Solid/trabecular subtype of papillary thyroid carcinoma on cytology with focal differentiated high-grade thyroid carcinoma on histology: a cyto-histologic correlation
Ashutosh Rath1, Shailaja Prabhala1, Shrinivas Bheemrao Somalwar1, Immanuel Pradeep1 and Namit Kant Singh2
1Department of Pathology and Laboratory Medicine, All India Institute of Medical Sciences Bibinagar, Hyderabad 508126, Telangana, India
2Department of Otorhinolaryngology, All India Institute of Medical Sciences Bibinagar, Hyderabad 508126, Telangana, India
Solid/trabecular subtype of papillary thyroid carcinoma (S/T PTC) is a rare entity that has been shown to have higher tumour recurrence and mortality rates. A definite diagnosis on fine needle aspiration cytology is often not easy. Rather, this entity may be misdiagnosed in cytology due to a lack of widespread features of classic PTC. We present a case of S/T PTC in a 61-year-old female, showing a focus on differentiated high-grade thyroid carcinoma (DHGTC) on histology. We discuss cytological features with the histologic correlation of S/T PTC and briefly discuss the newly introduced entity, DHGTC.

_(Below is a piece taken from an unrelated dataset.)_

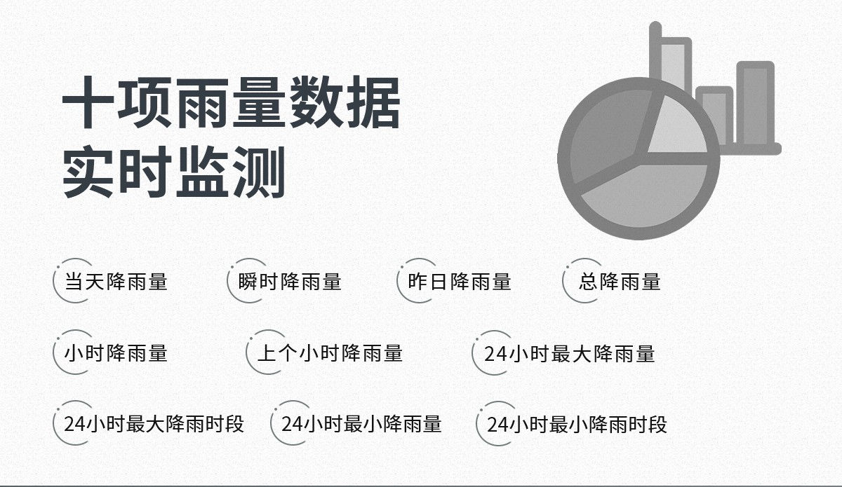 一体式雨量监测站集成翻斗式雨量计、数据采集主机、立杆支架、电控箱、太阳能供电系统等部件,可监测当天降雨量、瞬时降雨量、昨日降雨量、总降雨量、小时降雨量、上个小时降雨量、24小时最大降雨量、24小时最大降雨时段、24小时最小降雨量、24小时最小降雨时段等十项雨量数据。提供免费云平台,支持二次开发。

Keywords: solid/trabecular subtype, papillary thyroid carcinoma, differentiated high-grade thyroid carcinoma
Correspondence to: Shailaja Prabhala
Publication costs for this article were supported by ecancer (UK Charity number 1176307).
Copyright: © the authors; licensee ecancermedicalscience. This is an Open Access article distributed under the terms of the Creative Commons Attribution License (http://creativecommons.org/licenses/by/4.0), which permits unrestricted use, distribution, and reproduction in any medium, provided the original work is properly cited.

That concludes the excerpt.